Leeds started March by travelling to the King Power Stadium to face Leicester City, losing 1–0. Leeds' following match at Elland Road saw a 3–0 defeat to Aston Villa. Leeds' following match against Norwich City at Elland Road saw Leeds 2–1 winners, following a late goal by Joe Gelhardt. Leeds travelled to Molineux on 18 March to face Wolverhampton Wanderers a second half stoppage time winner from Luke Ayling secured two consecutive victories for Leeds in a 3–2 comeback win.

===April===

Leeds started April with Southampton at Elland Road drawing 1–1, this was followed by a 3–0 victory over Watford at Vicarage Road. Leeds travelled to Crystal Palace on 25 April, drawing 0–0. Manchester City visited Elland Road on 30 April, winning 4–0.

===May===

Leeds started May by visiting Arsenal at the Emirates Stadium, losing 2–1 and hosting Chelsea at Elland Road, losing 3–0.

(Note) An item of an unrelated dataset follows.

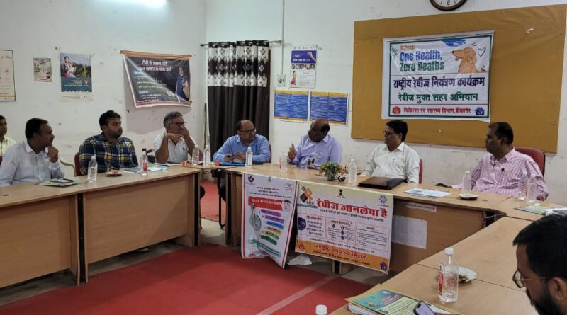 बीकानेर । रेबीज मुक्त बीकानेर अभियान के लिए अंतर विभागीय समन्वय समिति की बैठक स्वास्थ्य भवन सभागार में आयोजित हुई। बैठक में 2030 तक बीकानेर को रेबीज मुक्त जिला बनाने हेतु जयपुर से आए रेबीज नियंत्रण कार्यक्रम के राज्य नोडल अधिकारी डॉ एम एल सालोदिया की अध्यक्षता में गहन मंथन किया गया। डॉ सालोदिया ने विभाग वार की जाने वाले कार्य तथा जिम्मेदारियों का वर्गीकरण किया।
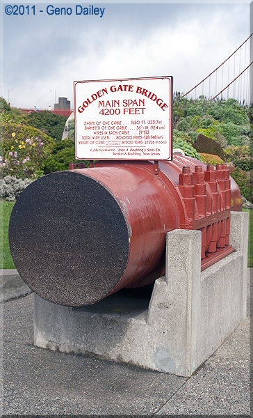 LEFT: A sample of the main cable that spans the length of the bridge. The bridge is 4200 feet long!

Leeds' following match against Brighton at Elland Road finished 1–1.

Leeds travelled to the Brentford Community Stadium on the final day of the season to face Brentford, knowing they had to better Burnley's result to avoid relegation. Burnley hosted Newcastle at Turf Moor and fell behind through Callum Wilson. Leeds took the lead against Brentford through a penalty in the 56th minute that Raphinha won and converted, shortly after Newcastle doubled their lead against Burnley.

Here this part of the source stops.